Indiana Humanities seeks proposals for the creation of high-quality short films (5-15 minutes) that explore Hoosiers’ relationships to our state’s waterways, including but not limited to the White River watershed….

Indiana Humanities seeks proposals for the creation of high-quality short films (5-15 minutes) that explore Hoosiers’ relationships to our state’s waterways, including but not limited to the White River watershed. We plan to award 3-6 proposals that represent a range of stories and viewpoints that complement and/or deepen (rather than repeat) themes and ideas expressed in previous films about Indiana waterways, including those we produced about the White River in 2018-2019.  

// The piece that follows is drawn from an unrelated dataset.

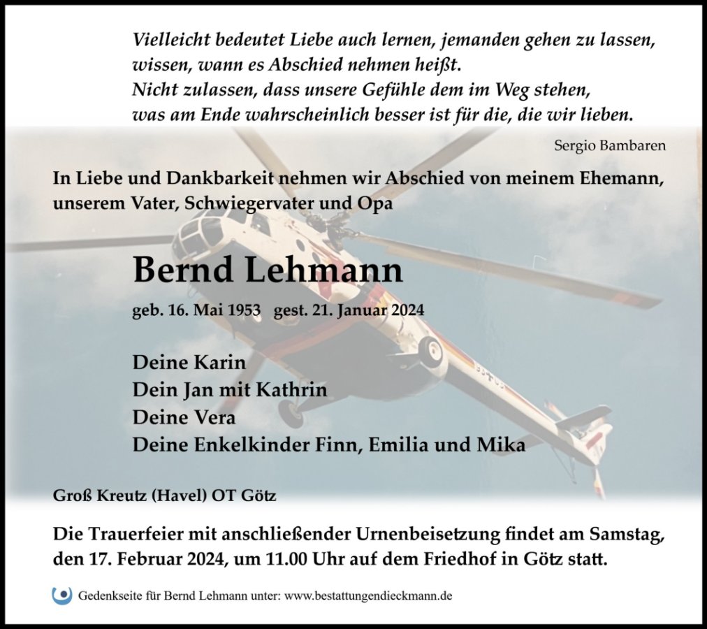 ich kannte Bernd als aufrichtigen Kommandeur, ehrlichen Kameraden und hervorragenden Piloten. Die Nachricht von seinem Tod ging mir sehr nah.
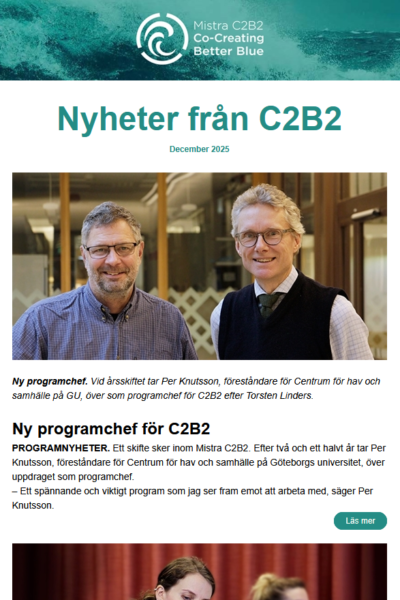 On our LinkedIn account @mistra-c2b2 we post updates and info every week, about activities related to C2B2. Posts are in both Swedish and English.

 The 2020 Waterways Film Project builds on the success and momentum of the White River films we funded in 2018-2019, as well as subsequent film projects we have initiated. Film is a special medium that allows for storytelling that complements the other ways we’re inviting Hoosiers to think, read and talk about Indiana waterways, including the White River, through our Next Indiana Campfires program. We are also eager to create more opportunities for Hoosiers to have their own experiences documented and reflected back to them on screen, as well as to support the burgeoning community of filmmakers based in and telling stories about Indiana.  

 Thanks to special funding from the Nina Mason Pulliam Charitable Trust, at least two of the selected proposals will be about or set along/in the White River and/or the White River watershed.  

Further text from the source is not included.